CCAT2, a novel non-coding RNA mapping to 8q24, underlies metastatic progression and chromosomal instability in colon cancer

Hui Ling; Riccardo Spizzo; Yaser Atlasi; Milena Nicoloso; Masayoshi Shimizu; Roxana Redis; Naohiro Nishida; Roberta Gafà; Jian Song; Zhiyi Guo; Cristina Ivan; Elisa Barbarotto; Ingrid De Vries; Xinna Zhang; Manuela Ferracin; Mike Churchman; Janneke van Galen; Berna Beverloo; Maryam Shariati; Franziska Haderk; Marcos R Estecio; Guillermo Garcia-Manero; Gijs Patijn; David Gotley; Vikas Bhardwaj; Shureiqi Imad; Subrata Sen; Asha Multani; James Welsh; Ken Yamamoto; Itsuki Taniguchi; Min-Ae Song; Steven Gallinger; Graham Casey; Stephen Thibodeau; Loic Le Marchand; Maarit Tiirikainen; Sendurai Mani; Wei Zhang; Ramana Davuluri; Koshi Mimori; Masaki Mori; Anieta Sieuwerts; John Martens; Ian Tomlinson; Ioana Neagoe; Massimo Negrini; John Foekens; Stanley Hamilton; Giovanni Lanza; Scott Kopetz; Riccardo Fodde; George Calin

doi:10.1101/gr.152942.112

CCAT2, a novel non-coding RNA mapping to 8q24, underlies metastatic progression and chromosomal instability in colon cancer

¹ The University of Texas MD Anderson Cancer Center;
² Josephine Nefkens Institute, Erasmus Medical Center;
³ University of Ferrara;
⁴ Welcome Trust Centre for Human Genetics,University of Oxford;
⁵ Princess Alexandra Hospital;
⁶ Kyushu University;
⁷ University of Hawaii Cancer Center;
⁸ Samuel Lunenfeld Research Institute, Mount Sinai Hospital, Ontario Canada;
⁹ Keck School of Medicine, University of Southern California;
¹⁰ Mayo Clinic;
¹¹ The Wistar Institute;
¹² Kyushu University Beppu Hospital;
¹³ Osaka University;
¹⁴ Erasmus University Medical Center;
¹⁵ Welcome Trust Centre for Human Genetics, University of Oxford;
¹⁶ University of Medicine and Pharmacy 'I. Hatieganu'

↵* Corresponding author; email: gcalin{at}mdanderson.org

Abstract

The functional roles of SNPs within the 8q24 gene desert in the cancer phenotype are not yet well understood.
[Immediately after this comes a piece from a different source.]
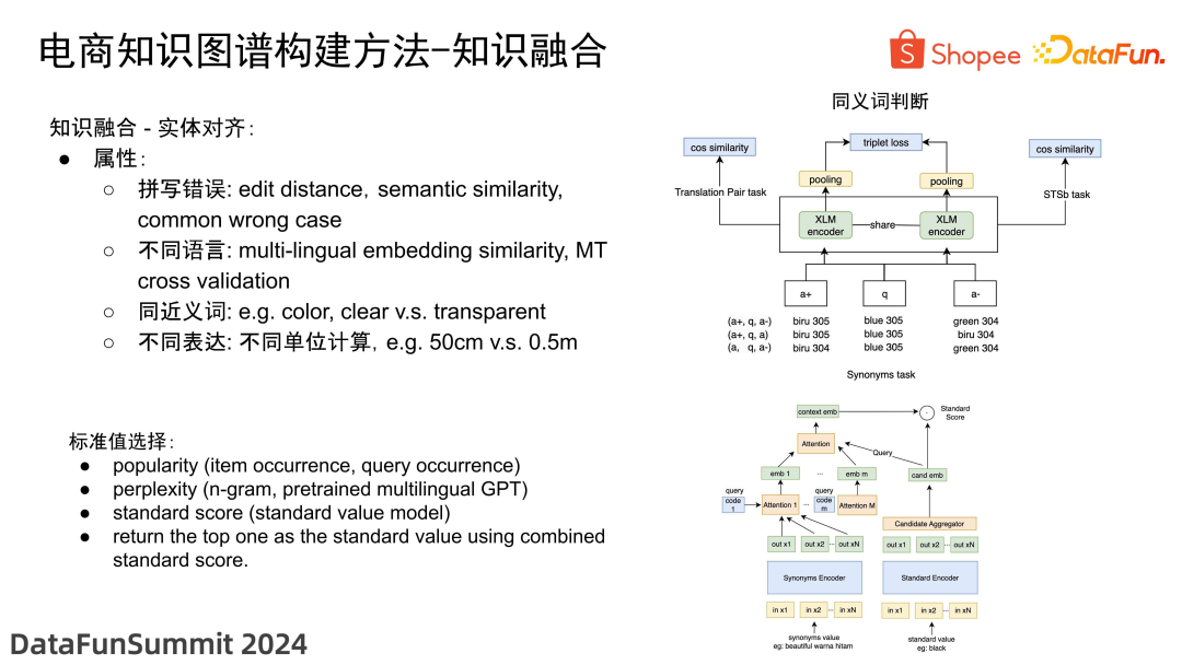知识融合的另一个难题是实体对齐。以属性为例,在实体对齐中涉及多种类型。我们的目标是对齐同一属性值的不同表达方式。对于拼写错误的问题,可以通过编辑距离、语义相似度、常见错误集合等方法处理。对于不同语言的问题,可以使用多语言嵌入相似度和模型翻译等方法解决。同义词和近义词的区分可能会有一些困难,因此我们借鉴了 Labse 模型框架,训练了一个同义词模型。重点区分词形相似但语义差别很大,以及不同词形但语义相近的情况。还有不同单位的情况。例如,一个人可能用"50cm",另一个人用"0.5m",我们针对这种情况进行了单位转换计算等处理。当对齐这些词后会发现同一属性词可能有很多选项。在众多选项中,我们需要选择一个标准词来代表相同的含义。选择标准词的标准有很多,比如流行度,即哪些词的使用频率最高。然而,流行度并不适用于所有场景。举例来说,在印尼市场中,错误拼写的使用最多,但错误拼写并不能在许多情况下准确表达商品的含义,因此我们还考虑了其他因素,如困惑度和标准表达能力,用来更准确的代表属性值集合。综合考虑这些因素,我们训练了一个模型,选择相应的标准值。![]()

Here, we report that CCAT2, a novel long non-coding RNA transcript (lncRNA) encompassing the rs6983267 SNP, is highly overexpressed in microsatellite-stable colorectal cancer and promotes tumor growth, metastasis and chromosomal instability. We demonstrate that MYC, miR-17-5p, and miR-20a are up-regulated by CCAT2 through TCF7L2-mediated transcriptional regulation. We further identify the physical interaction between CCAT2 and TCF7L2 resulting in an enhancement of WNT signaling activity. We show that CCAT2 is itself a WNT downstream target, which suggests the existence of a feedback loop. Finally, we demonstrated that the SNP status affects CCAT2 expression and the risk allele G produces more CCAT2 transcript. Our results support a new mechanism of MYC and WNT regulation by the novel lncRNA CCAT2 in colorectal cancer pathogenesis, and provide an alternative explanation on the SNP-conferred cancer risk.

Received December 3, 2012.
Accepted June 17, 2013.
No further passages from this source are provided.